Your task — Your output must be the lines below from the line containing "Thalassines Villas is" to the line containing "本次动漫艺术节的重头戏之一是", both lines included, reproduced exactly and without pictures.

Records supplied —
__________________________________________________

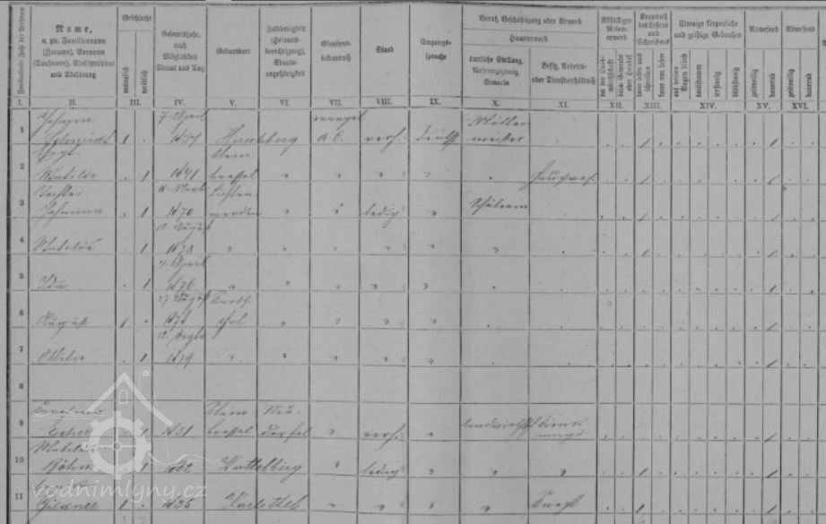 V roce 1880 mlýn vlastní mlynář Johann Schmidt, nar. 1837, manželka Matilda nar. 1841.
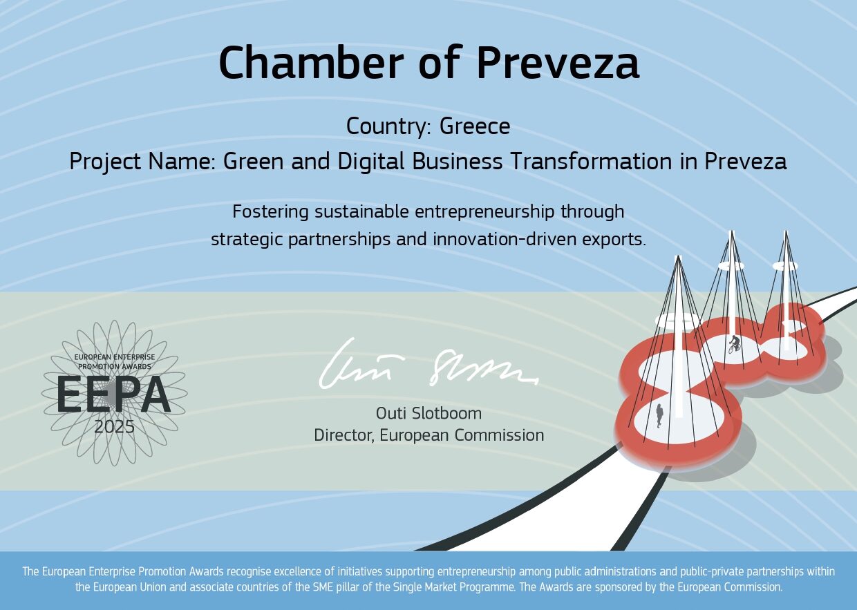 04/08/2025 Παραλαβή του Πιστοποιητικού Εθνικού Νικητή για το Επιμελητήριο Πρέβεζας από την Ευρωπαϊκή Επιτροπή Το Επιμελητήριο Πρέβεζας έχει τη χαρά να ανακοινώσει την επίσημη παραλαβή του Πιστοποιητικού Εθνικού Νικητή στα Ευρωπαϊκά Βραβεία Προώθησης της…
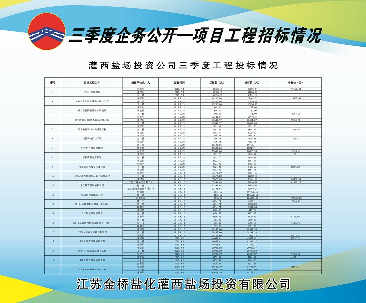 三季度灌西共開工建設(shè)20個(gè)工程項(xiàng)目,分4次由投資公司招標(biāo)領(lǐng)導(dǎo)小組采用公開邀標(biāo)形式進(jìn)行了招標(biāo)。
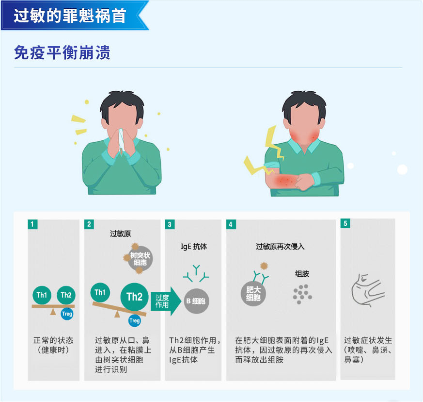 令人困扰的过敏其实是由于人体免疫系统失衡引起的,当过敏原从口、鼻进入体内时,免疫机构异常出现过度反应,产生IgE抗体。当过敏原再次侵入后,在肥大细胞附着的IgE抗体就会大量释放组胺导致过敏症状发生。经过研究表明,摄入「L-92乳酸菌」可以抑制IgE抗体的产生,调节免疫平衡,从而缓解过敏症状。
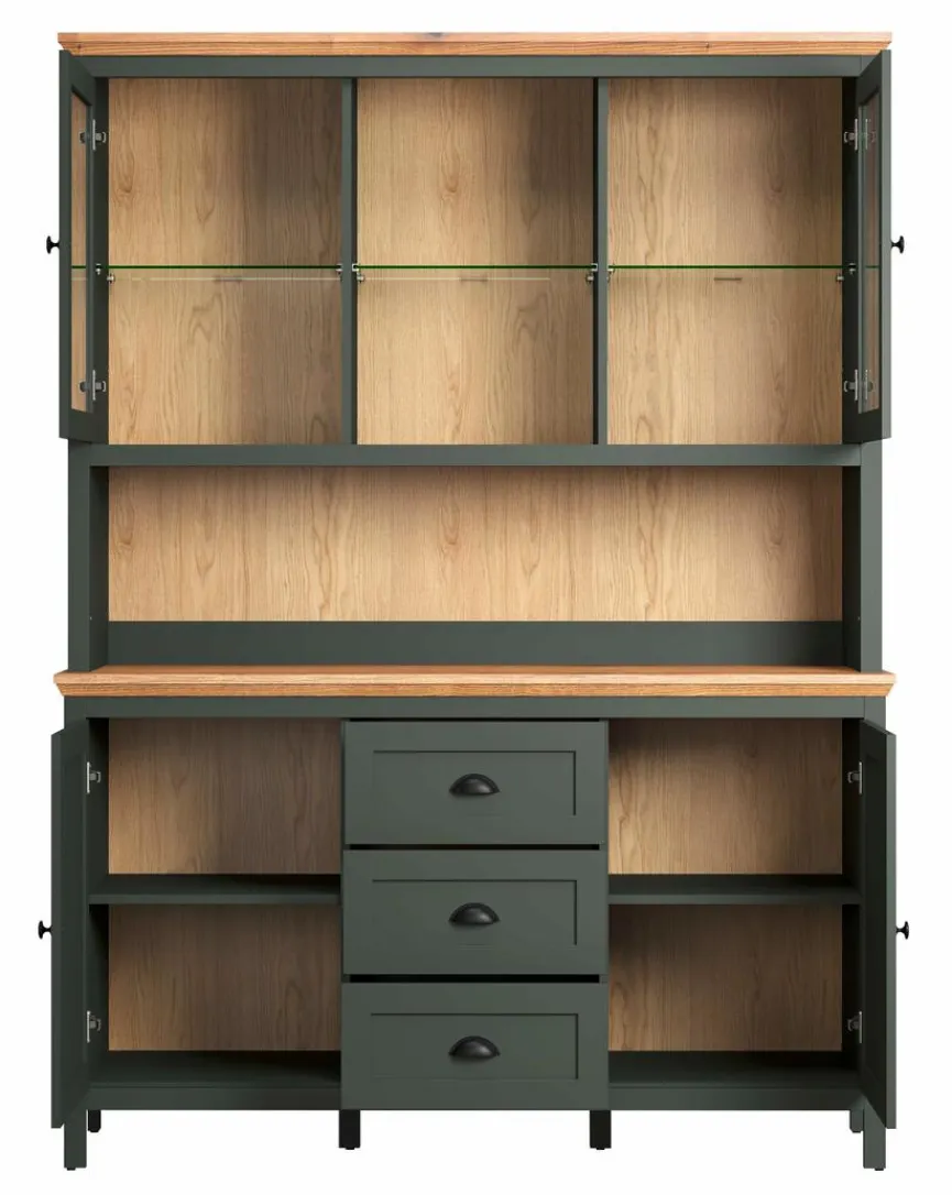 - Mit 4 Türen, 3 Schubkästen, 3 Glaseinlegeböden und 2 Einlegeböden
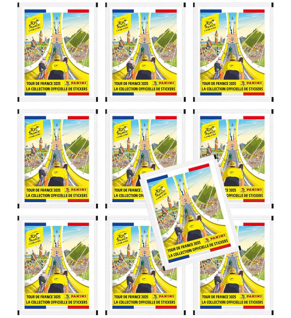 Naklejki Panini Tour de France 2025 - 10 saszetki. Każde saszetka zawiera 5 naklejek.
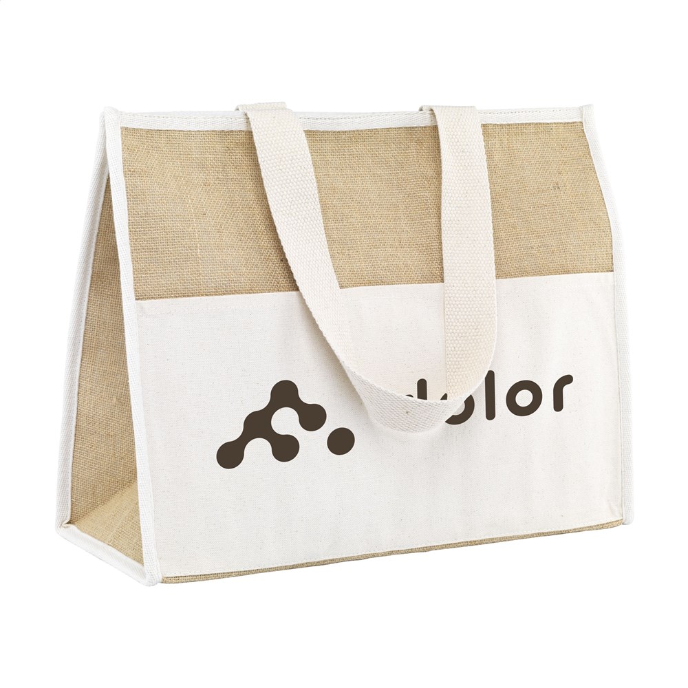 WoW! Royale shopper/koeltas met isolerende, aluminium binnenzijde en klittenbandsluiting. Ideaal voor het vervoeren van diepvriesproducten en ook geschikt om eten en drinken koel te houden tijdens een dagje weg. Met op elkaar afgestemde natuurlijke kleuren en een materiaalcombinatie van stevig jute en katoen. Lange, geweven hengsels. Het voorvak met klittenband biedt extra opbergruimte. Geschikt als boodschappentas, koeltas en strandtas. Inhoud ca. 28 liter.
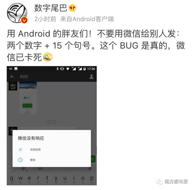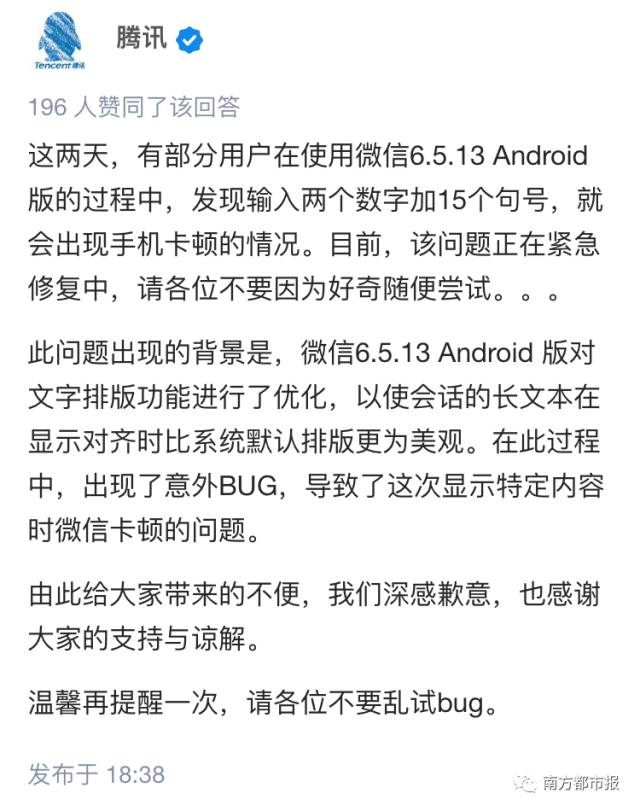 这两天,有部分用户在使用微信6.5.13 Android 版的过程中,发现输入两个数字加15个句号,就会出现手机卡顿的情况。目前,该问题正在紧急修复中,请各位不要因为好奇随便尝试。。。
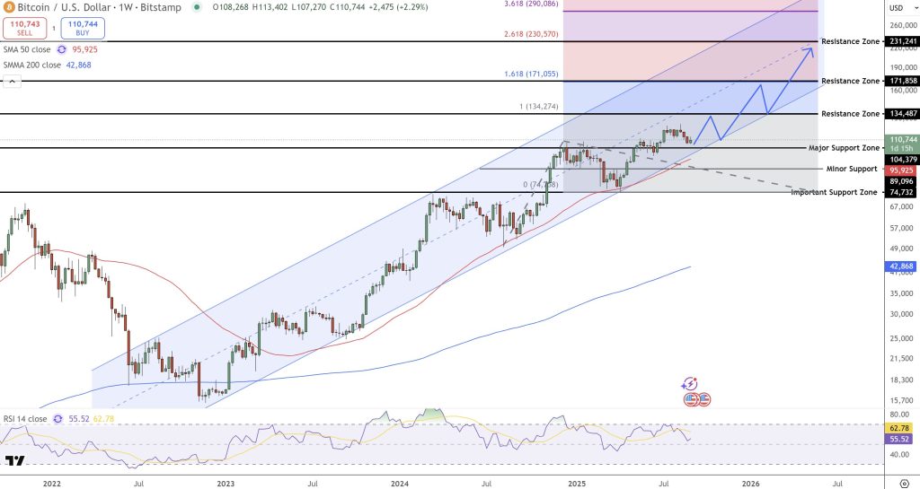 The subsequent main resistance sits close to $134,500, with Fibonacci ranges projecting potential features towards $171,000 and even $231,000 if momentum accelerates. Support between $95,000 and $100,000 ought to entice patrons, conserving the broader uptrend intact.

__________________________________________________

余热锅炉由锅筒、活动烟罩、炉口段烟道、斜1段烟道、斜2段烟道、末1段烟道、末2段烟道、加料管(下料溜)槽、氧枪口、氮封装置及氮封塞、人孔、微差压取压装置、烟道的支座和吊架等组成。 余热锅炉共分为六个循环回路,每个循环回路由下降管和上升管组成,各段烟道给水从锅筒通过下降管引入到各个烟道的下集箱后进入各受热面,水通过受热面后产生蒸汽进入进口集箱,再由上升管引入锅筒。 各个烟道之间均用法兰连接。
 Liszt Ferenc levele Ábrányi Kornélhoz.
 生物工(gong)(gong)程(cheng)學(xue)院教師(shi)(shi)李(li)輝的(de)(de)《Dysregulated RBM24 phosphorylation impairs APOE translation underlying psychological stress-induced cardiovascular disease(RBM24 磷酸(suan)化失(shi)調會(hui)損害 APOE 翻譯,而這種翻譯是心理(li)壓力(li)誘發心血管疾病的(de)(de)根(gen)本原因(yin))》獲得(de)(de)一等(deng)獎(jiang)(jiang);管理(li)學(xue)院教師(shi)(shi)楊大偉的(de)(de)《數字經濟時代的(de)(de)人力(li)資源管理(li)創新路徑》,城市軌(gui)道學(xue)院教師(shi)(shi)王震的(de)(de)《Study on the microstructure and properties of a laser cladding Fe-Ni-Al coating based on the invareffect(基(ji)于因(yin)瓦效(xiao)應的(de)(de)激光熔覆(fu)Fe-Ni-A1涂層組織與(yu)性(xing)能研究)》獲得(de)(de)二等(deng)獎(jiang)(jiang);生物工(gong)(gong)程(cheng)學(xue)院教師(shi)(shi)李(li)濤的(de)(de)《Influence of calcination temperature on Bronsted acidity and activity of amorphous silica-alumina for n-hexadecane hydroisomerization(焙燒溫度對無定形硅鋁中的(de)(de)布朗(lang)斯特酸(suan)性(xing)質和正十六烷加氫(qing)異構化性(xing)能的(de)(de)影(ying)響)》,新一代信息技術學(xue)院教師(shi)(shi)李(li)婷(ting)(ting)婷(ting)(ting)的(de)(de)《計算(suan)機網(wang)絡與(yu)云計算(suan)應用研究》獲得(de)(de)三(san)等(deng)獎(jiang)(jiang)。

__________________________________________________

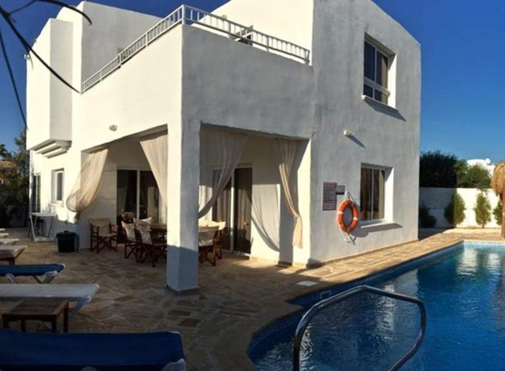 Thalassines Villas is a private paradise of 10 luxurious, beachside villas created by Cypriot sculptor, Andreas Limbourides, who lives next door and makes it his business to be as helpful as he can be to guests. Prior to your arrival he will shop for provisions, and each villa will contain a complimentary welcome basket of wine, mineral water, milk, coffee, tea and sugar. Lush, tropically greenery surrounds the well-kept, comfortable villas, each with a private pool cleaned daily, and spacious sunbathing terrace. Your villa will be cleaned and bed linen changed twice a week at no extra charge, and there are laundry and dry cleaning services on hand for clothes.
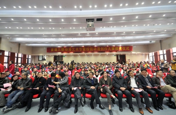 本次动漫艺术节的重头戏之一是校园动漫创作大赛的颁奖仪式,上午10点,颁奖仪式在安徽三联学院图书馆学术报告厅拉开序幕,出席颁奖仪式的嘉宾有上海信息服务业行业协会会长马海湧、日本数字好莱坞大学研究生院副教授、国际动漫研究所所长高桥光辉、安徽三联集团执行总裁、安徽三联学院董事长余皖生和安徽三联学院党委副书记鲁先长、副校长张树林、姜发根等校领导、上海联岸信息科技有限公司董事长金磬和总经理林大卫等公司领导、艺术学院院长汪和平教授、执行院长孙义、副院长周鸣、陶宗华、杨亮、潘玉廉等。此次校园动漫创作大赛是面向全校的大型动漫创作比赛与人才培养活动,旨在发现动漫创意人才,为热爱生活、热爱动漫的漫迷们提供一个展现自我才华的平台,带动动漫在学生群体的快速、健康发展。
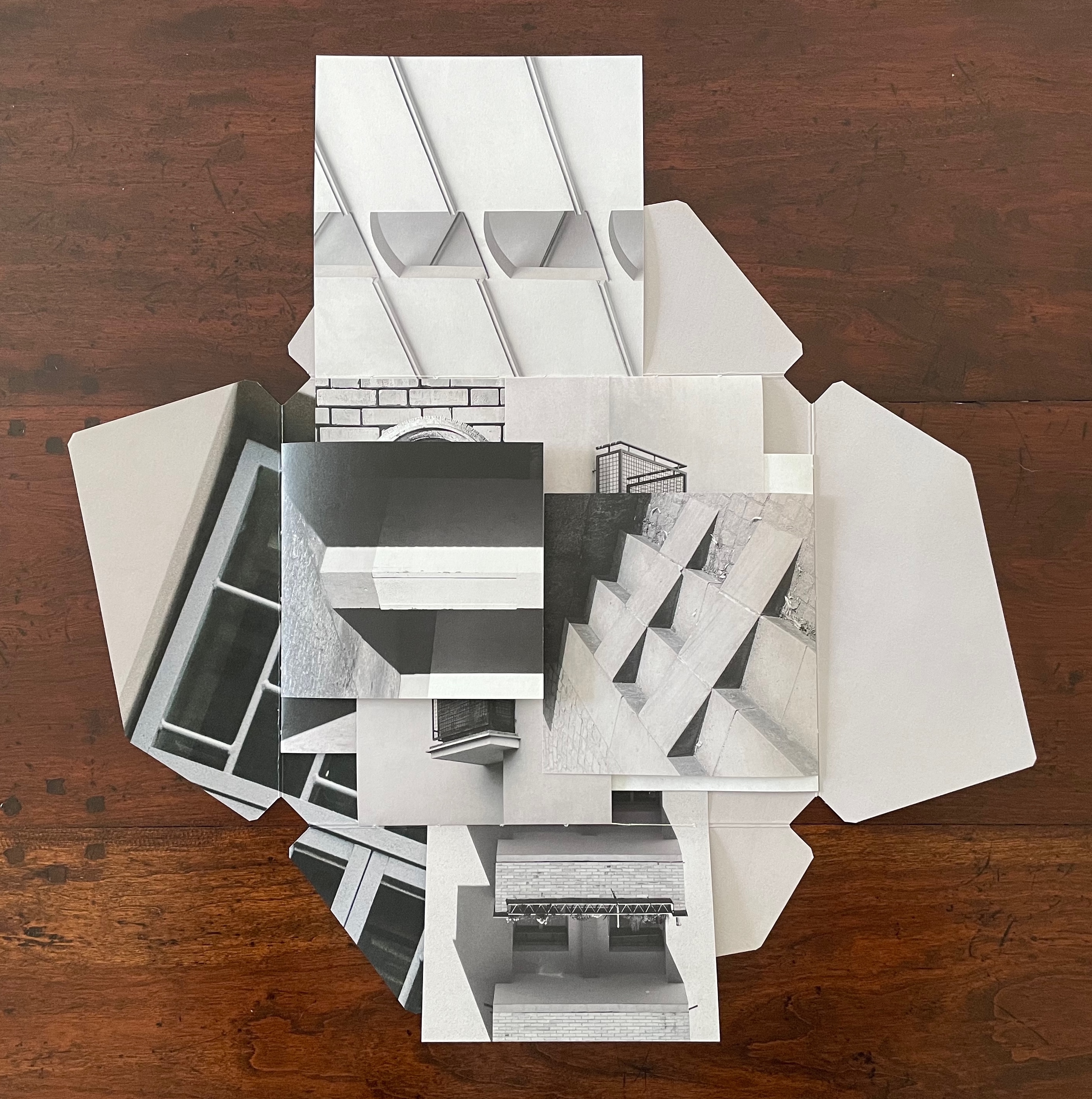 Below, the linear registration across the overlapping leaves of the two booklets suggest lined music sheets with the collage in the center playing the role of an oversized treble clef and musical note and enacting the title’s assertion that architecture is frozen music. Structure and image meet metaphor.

__________________________________________________

Answer area —
 Thalassines Villas is a private paradise of 10 luxurious, beachside villas created by Cypriot sculptor, Andreas Limbourides, who lives next door and makes it his business to be as helpful as he can be to guests. Prior to your arrival he will shop for provisions, and each villa will contain a complimentary welcome basket of wine, mineral water, milk, coffee, tea and sugar. Lush, tropically greenery surrounds the well-kept, comfortable villas, each with a private pool cleaned daily, and spacious sunbathing terrace. Your villa will be cleaned and bed linen changed twice a week at no extra charge, and there are laundry and dry cleaning services on hand for clothes.
 本次动漫艺术节的重头戏之一是校园动漫创作大赛的颁奖仪式,上午10点,颁奖仪式在安徽三联学院图书馆学术报告厅拉开序幕,出席颁奖仪式的嘉宾有上海信息服务业行业协会会长马海湧、日本数字好莱坞大学研究生院副教授、国际动漫研究所所长高桥光辉、安徽三联集团执行总裁、安徽三联学院董事长余皖生和安徽三联学院党委副书记鲁先长、副校长张树林、姜发根等校领导、上海联岸信息科技有限公司董事长金磬和总经理林大卫等公司领导、艺术学院院长汪和平教授、执行院长孙义、副院长周鸣、陶宗华、杨亮、潘玉廉等。此次校园动漫创作大赛是面向全校的大型动漫创作比赛与人才培养活动,旨在发现动漫创意人才,为热爱生活、热爱动漫的漫迷们提供一个展现自我才华的平台,带动动漫在学生群体的快速、健康发展。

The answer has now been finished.